# Squirrel Pics from 2 good hunts



## HTC (Oct 6, 2005)

Here a some pictures from the past two weekends of my daughter and I that I thought you guys might enjoy. Deer are her favorite to hunt but she says squirrels are a close second. She out shot me this past weekend 5-3....Of course I was the one running the squirrel around to her side of the tree all the time.:sad:


----------



## Stiny357 (Nov 8, 2009)

Awesome. My daughter will start hunting with me next year!


----------



## No.4shot (Oct 22, 2002)

Thats a good size fox squirrel.


----------



## NEW HUDSON WALT (Jan 11, 2009)

man-o- man....great hunt....but it will be better eating...


----------



## fasthunter (Sep 15, 2006)

Sounds kind of like me. I love to deer hunt, but I'm seriously addicted to squirrel hunting. It's a blast and I love to eat the buggers! I hope my daughter will go with me when she's older. She's only seven months old now so I have a while. Gives me something to look forward to though. Great pics and I've been going alot lately too. Been addicting to sniping them with my pellet gun. Have some polymag pellets on the way. Can't wait to try em out.:evil: Also, is anyone else addicted to that thud when they fall out of the tree?...lol!


----------



## HTC (Oct 6, 2005)

fasthunter said:


> I hope my daughter will go with me when she's older. She's only seven months old now so I have a while. Gives me something to look forward to though.


I hope she does too there is just something special about taking your daughter out in the field. 

It is hard to say though, my daughters are 13 months apart and couldn't be more opposite. The oldest one who is now 16 and pictured in this thread, is a natural born killer:lol:, zero hesitation. She has the same sparkle in her eye at the moment of truth that you and I get. My picture gallery is full of her photos from the outdoors. From barrel racing horses to taking her first buck at 8 years old she is a complete outdoors kid. 
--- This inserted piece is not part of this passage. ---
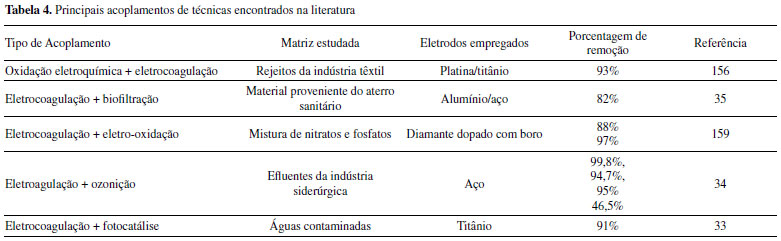 ACOPLAMENTO DE ELETROFLOCULAÇÃO E OUTROS MÉTODOS DE TRATAMENTO O acoplamento da técnica de eletrofloculação para a remoção prévia de contaminantes brutos em águas residuárias (óleos, graxas e sólidos suspensos) em etapa anterior ou posterior a outros métodos de tratamento, tem sido bastante discutido na literatura. O trabalho executado por Chanikya et al.156 traz um exemplo relevante a respeito da junção de técnicas eletroquímicas para o tratamento de efluentes têxteis. No estudo realizado, a combinação do processo de oxidação eletroquímica avançada (POEA) com a eletrocoagulação (EC) utilizando placas de platina/titânio e ferro como ânodo e cátodo respectivamente em ambos os processos, foi verificado um relevante sinergismo entre as técnicas, promovendo uma diminuição de 93% da demanda química de oxigênio do efluente proveniente da indústria de corantes, com um menor consumo específico de energia e menor geração de lodo. Uma grande quantidade de estudos tem apontado que a eletrocoagulação é um tratamento eficiente para águas residuais de indústria com um nível significativo de poluição como método preliminar.27-32 Mas pode atingir níveis de remoção muito mais adequados, quando combinado a outros processos de tratamento. Por exemplo, o acoplamento do processo EC com processos biológicos, químicos ou processos de oxidação avançada pode promover a obtenção de uma água muito mais pura e melhor conformidade com as normas ambientais. O acoplamento de EC com a biofiltração tem sido proposto por Dia et al.,35 para tratamento de materiais lixiviados de aterro sanitário. De acordo com os autores, o tratamento apresentou alta eficiência para diminuição da demanda química de oxigênio, fósforo, metais, amônia e demanda bioquímica de oxigênio. Vários outros estudos têm explorado a combinação entre eletrocoagulação e eletro-oxidação.27-29,31,32,157,158 O resultado do tratamento combinado mostrou-se muito satisfatórios para águas residuais da indústria de curtumes e agroalimentares, além da redução do consumo de energia usualmente gerado em um tratamento utilizando-se apenas eletro-oxidação. A influência dos principais parâmetros operacionais em eletrodos de aço para a remoção simultânea de nitratos e fosfatos em matrizes complexas assim como o melhoramento da eficiência do processo EC por meio do acoplamento com métodos eletroquímicos foi também estudada por Ghazouani et al.159 Tal combinação resultou na oxidação da amônia gerada, melhorando consideravelmente a qualidade das águas residuais tratadas. Em adição, o método combinado ofereceu um consumo de energia por unidade de poluente de 0,99 kW h kg-1 N-1, e mudança de cinética de remoção para os fosfatos, nitratos e outros compostos nitrogenados. O acoplamento da técnica de eletrofloculação com ozonização também se mostrou bastante eficiente para a remoção de cianeto e cloreto em efluentes da indústria siderúrgica.34 A integração das técnicas forneceu um resultado altamente satisfatório, configurando uma remoção de 99,8%, 94,7%, 95% e 46,5% para íons cianeto, cloreto e para a demanda química de oxigênio (DQO) e demanda bioquímica de oxigênio (DBO), respectivamente. A literatura também reporta a associação de eletrofloculação com fotocatálise. Para isso, Boroski et al.33 demonstram que titânio pode ser um ânodo promissor, quando o lodo gerado é seco, calcinado e usado em fotocatálise. Isso é, o material gerado como resíduo na eletrofloculação pode ser relevante na fabricação de nanopartículas de dióxido de titânio (TiO2), a serem usados como semicondutor fotoativo. De acordo com os autores, esse material, quando submetido a irradiação UV, age como catalisador na degradação de poluentes em águas contaminadas, gerando um eficiente processo fotocatalítico. A eletrocoagulação sobre eletrodos de Fe associada ao tratamento fotocatalítico usando TiO2 também foi aplicada em efluentes farmacêuticos, industriais e cosméticos, os quais são descritos na literatura.33 A subsequente fotocatálise após a eletrocoagulação reduziu drasticamente os contaminantes refratários do efluente. A análise da Tabela 4 permite verificar que é possível realizar o acoplamento de técnicas juntamente com a eletrocoagulação e sobretudo verifica-se um acoplamento com técnicas eletroquímicas, envolvendo processos oxidativos avançados. Dentre as técnicas empregadas, a fotoeletrocatálise entra como uma técnica que abre bastante perspectivas no quesito acoplamento de técnicas.

The youngest, not so much. The computer, phone, friends, shopping and makeup are where it is at for her....and I am good with that plus it saves money on guns.


----------



## Cpt.Chaos (May 28, 2006)

Nice limb rats! Good job getting the young lady involved in hunting too!


----------



## fasthunter (Sep 15, 2006)

HTC said:


> I hope she does too there is just something special about taking your daughter out in the field.
> 
> It is hard to say though, my daughters are 13 months apart and couldn't be more opposite. The oldest one who is now 16 and pictured in this thread, is a natural born killer:lol:, zero hesitation. She has the same sparkle in her eye at the moment of truth that you and I get. My picture gallery is full of her photos from the outdoors. From barrel racing horses to taking her first buck at 8 years old she is a complete outdoors kid.
> 
> The youngest, not so much. The computer, phone, friends, shopping and makeup are where it is at for her....and I am good with that plus it saves money on guns.


 Sounds like a true outdoor girl there. Yeah, _I figured it was a fifty fifty too. I always joked around with my wife. I said watch our daughter will love the outdoors and if we have a boy down the road he'll probably not be into it:yikes::lol:. Either way I love my little girl. I just would love to share the outdoors with her. _


----------